Task instructions:
Quote each line of the material verbatim, without the pictures.

Records provided:
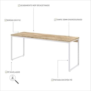 Mesa Dynamica Diretor 180x60x75cm Carvalho - Carvalho - - Blush
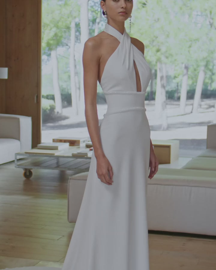 Simple two-piece sheath-style wedding dress, with beadwork details. Featuring a halter neckline and open back with a georgette cape. An on-trend Rosa Clará set.
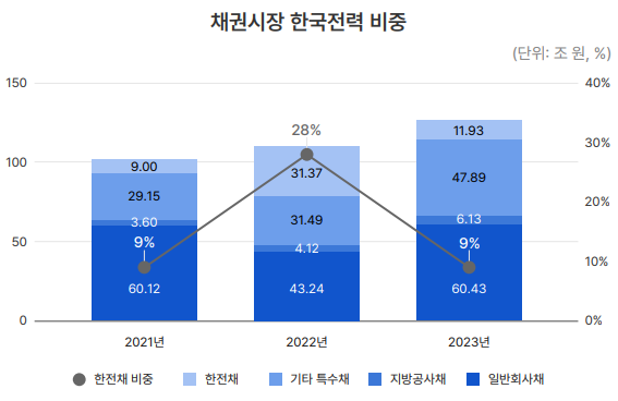 지난 2년간 누적적자가 50조원에 달한 한전은 채권발행을 지속해왔다. 2022년 31조원이 발행된 한전채는 채권발행시장에서 차지하는 비중이 2021년 9%에서 2022년 29%로 급증했다. 한전이 짧은 기간에 한정된 자금공급을 독점하자 일반회사채 발행량은 2021년 60조원에서 2022년 42조원으로 30% 감소해 기업 자금조달을 위축시켰다.
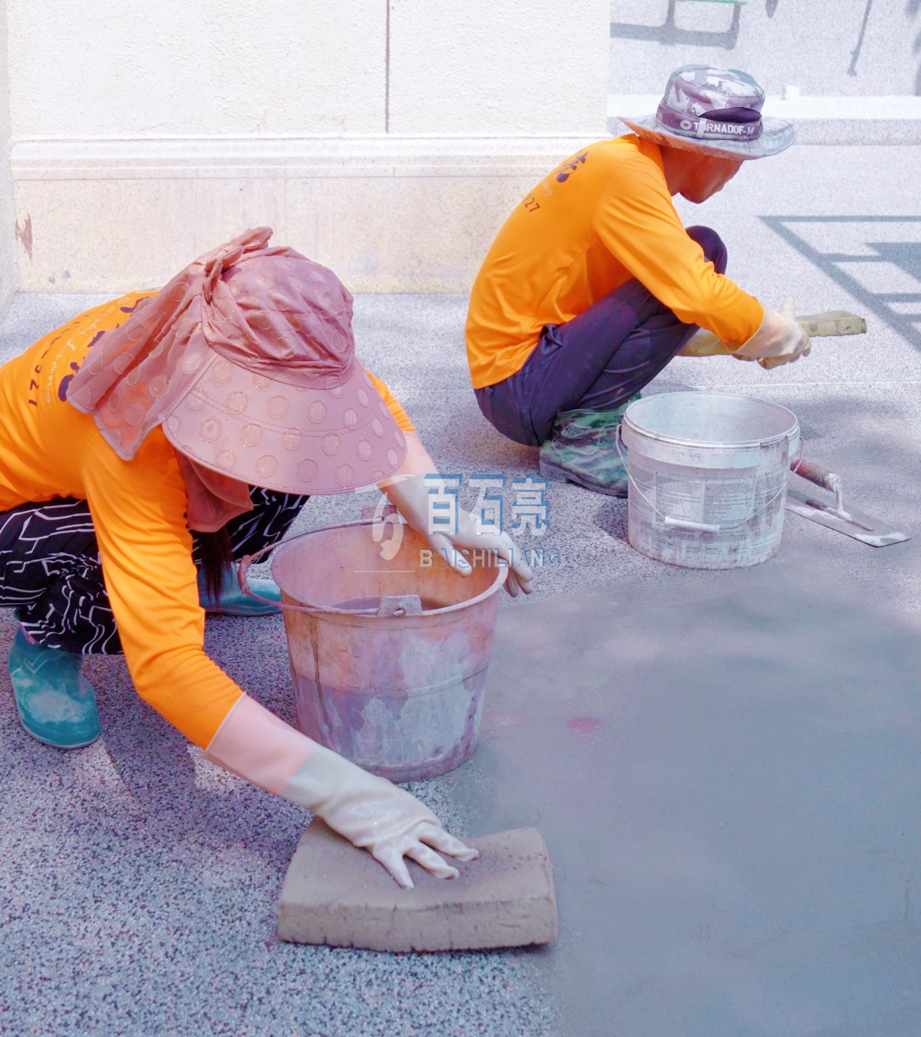 攤鋪好之后的水洗石,用鐵板來回的收平壓密實(shí),這樣可以讓水洗石更加的平整,顆粒更加密實(shí)飽滿。
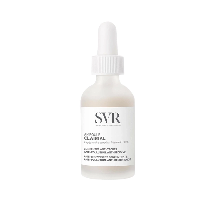 Сыворотка Clairial SVR в ампуле эффективно борется с изменением цвета кожи. Подходит для всех типов кожи. Для всех типов темных пятен, связанных с нахождением на солнце, старением кожи, беременностью, недостатками или неровным цветом лица. Можно использовать продукт для лица, декольте и рук. Везде, где Вы боретесь с неровным тоном кожи.
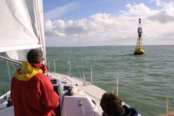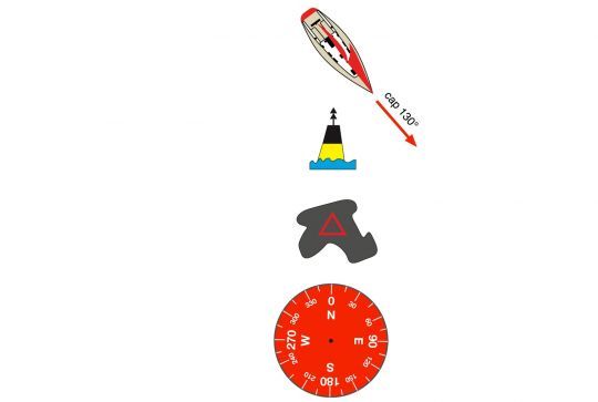 Nella nostra situazione, la foto mostra chiaramente che si tratta di un cardinale nord. I due coni sono rivolti verso l'alto e la boa è nera in alto e gialla in basso. Quindi lo yacht deve trovarsi a nord della boa per essere fuori dalla zona di pericolo. Questo è il caso nostro, che ci stiamo dirigendo verso sud-est con una rotta di 130°, con la boa sulla nostra prua di dritta e 3/4, quindi siamo esattamente nel posto giusto, come mostra il diagramma qui sotto!
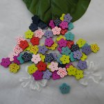 Lot de 10 Boutons fleurs à pois 15x3mm parme bois
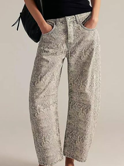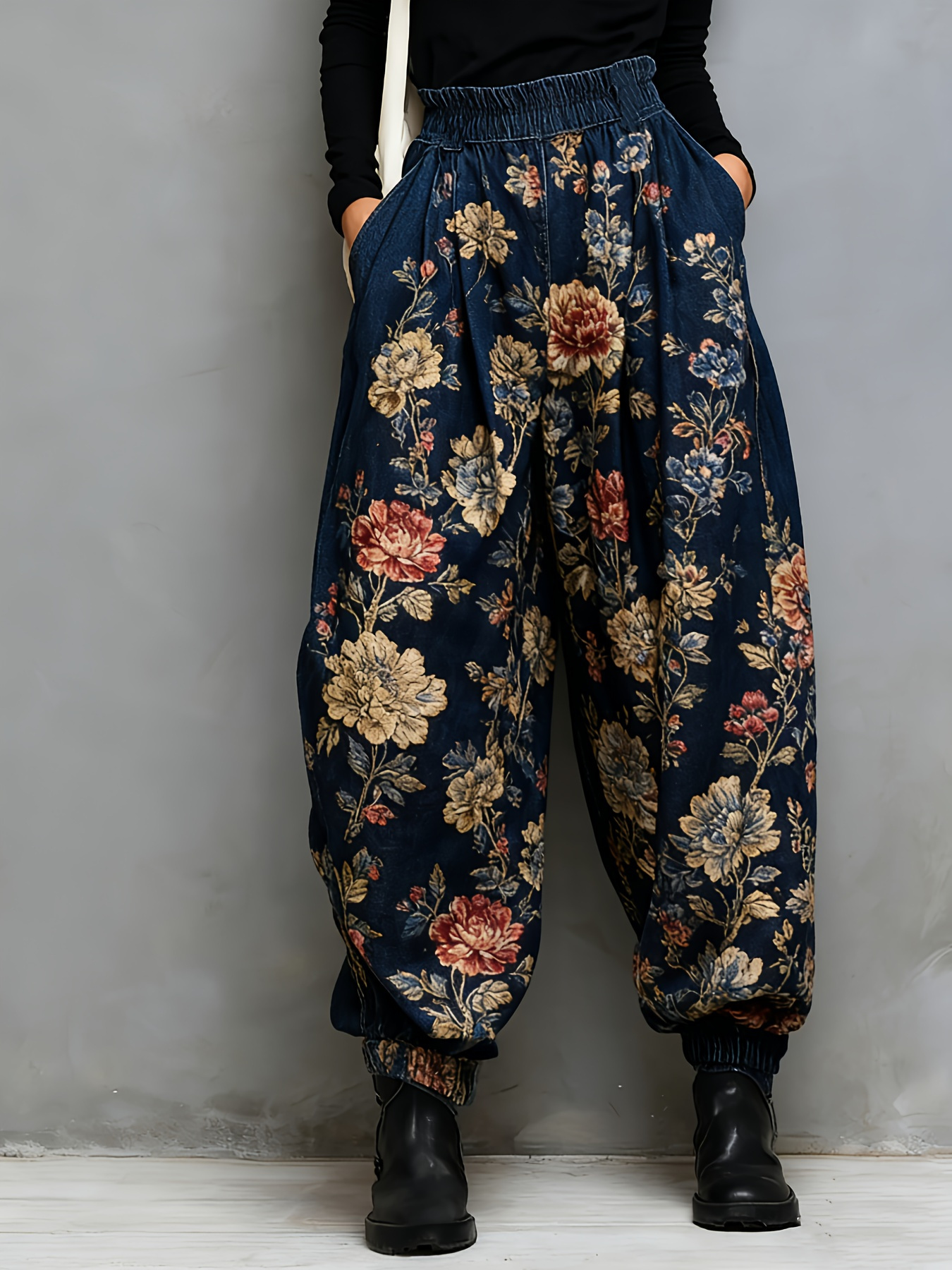 Women’s Floral Print Baggy Barrel Jeans – Y2K Patchwork Wide Leg Denim Ankle Pants, Mid Rise Baggy Boyfriend Jeans for Casual Wear
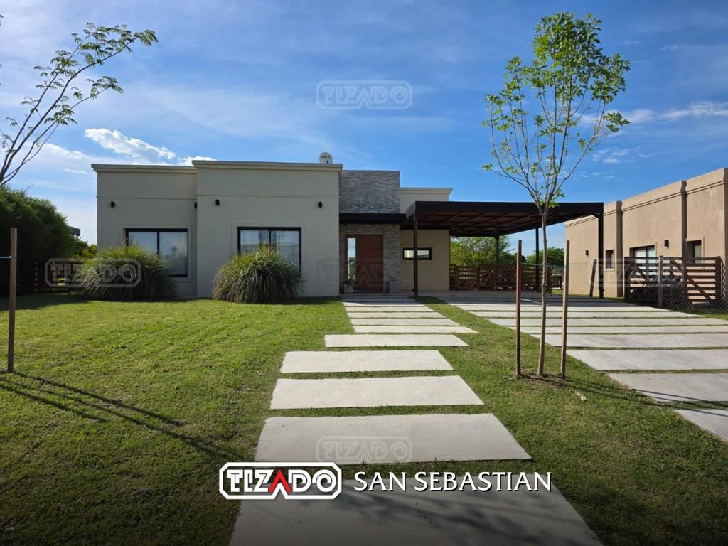 Casa estilo moderno desarrollada en una planta, área 2 A estrenar, sistema de construcción tradicional. Hall de ingreso, amplio living comedor con cocina semi integrada con barra y mesada Silestone y muebles bajo mesada, lavadero con mesada y pileta, salida de servicio que comunica al tender y las cocheras. Comedor y cocina comunican a la galería con parrilla y pileta de lavado Hermosa vista al jardín y la pileta En el área de descanso encontramos, un dormitorio en suite mas vestidor y baño con toallero, con ventanales con vista al jardín y pileta, y dos dormitorios con baño completo. Acceso vehicular con pergola metálica Detalles de terminación: *Pisos de porcellanato *Carpintería metálica con DVH *Pre instalación de AA e los ambientes *Calefacción por radiadores * Caldera dual

Answer to the problem:
 Mesa Dynamica Diretor 180x60x75cm Carvalho - Carvalho - - Blush
 Simple two-piece sheath-style wedding dress, with beadwork details. Featuring a halter neckline and open back with a georgette cape. An on-trend Rosa Clará set.
 지난 2년간 누적적자가 50조원에 달한 한전은 채권발행을 지속해왔다. 2022년 31조원이 발행된 한전채는 채권발행시장에서 차지하는 비중이 2021년 9%에서 2022년 29%로 급증했다. 한전이 짧은 기간에 한정된 자금공급을 독점하자 일반회사채 발행량은 2021년 60조원에서 2022년 42조원으로 30% 감소해 기업 자금조달을 위축시켰다.
 攤鋪好之后的水洗石,用鐵板來回的收平壓密實(shí),這樣可以讓水洗石更加的平整,顆粒更加密實(shí)飽滿。
 Сыворотка Clairial SVR в ампуле эффективно борется с изменением цвета кожи. Подходит для всех типов кожи. Для всех типов темных пятен, связанных с нахождением на солнце, старением кожи, беременностью, недостатками или неровным цветом лица. Можно использовать продукт для лица, декольте и рук. Везде, где Вы боретесь с неровным тоном кожи.
 Nella nostra situazione, la foto mostra chiaramente che si tratta di un cardinale nord. I due coni sono rivolti verso l'alto e la boa è nera in alto e gialla in basso. Quindi lo yacht deve trovarsi a nord della boa per essere fuori dalla zona di pericolo. Questo è il caso nostro, che ci stiamo dirigendo verso sud-est con una rotta di 130°, con la boa sulla nostra prua di dritta e 3/4, quindi siamo esattamente nel posto giusto, come mostra il diagramma qui sotto!
 Lot de 10 Boutons fleurs à pois 15x3mm parme bois
 Women’s Floral Print Baggy Barrel Jeans – Y2K Patchwork Wide Leg Denim Ankle Pants, Mid Rise Baggy Boyfriend Jeans for Casual Wear
 Casa estilo moderno desarrollada en una planta, área 2 A estrenar, sistema de construcción tradicional. Hall de ingreso, amplio living comedor con cocina semi integrada con barra y mesada Silestone y muebles bajo mesada, lavadero con mesada y pileta, salida de servicio que comunica al tender y las cocheras. Comedor y cocina comunican a la galería con parrilla y pileta de lavado Hermosa vista al jardín y la pileta En el área de descanso encontramos, un dormitorio en suite mas vestidor y baño con toallero, con ventanales con vista al jardín y pileta, y dos dormitorios con baño completo. Acceso vehicular con pergola metálica Detalles de terminación: *Pisos de porcellanato *Carpintería metálica con DVH *Pre instalación de AA e los ambientes *Calefacción por radiadores * Caldera dual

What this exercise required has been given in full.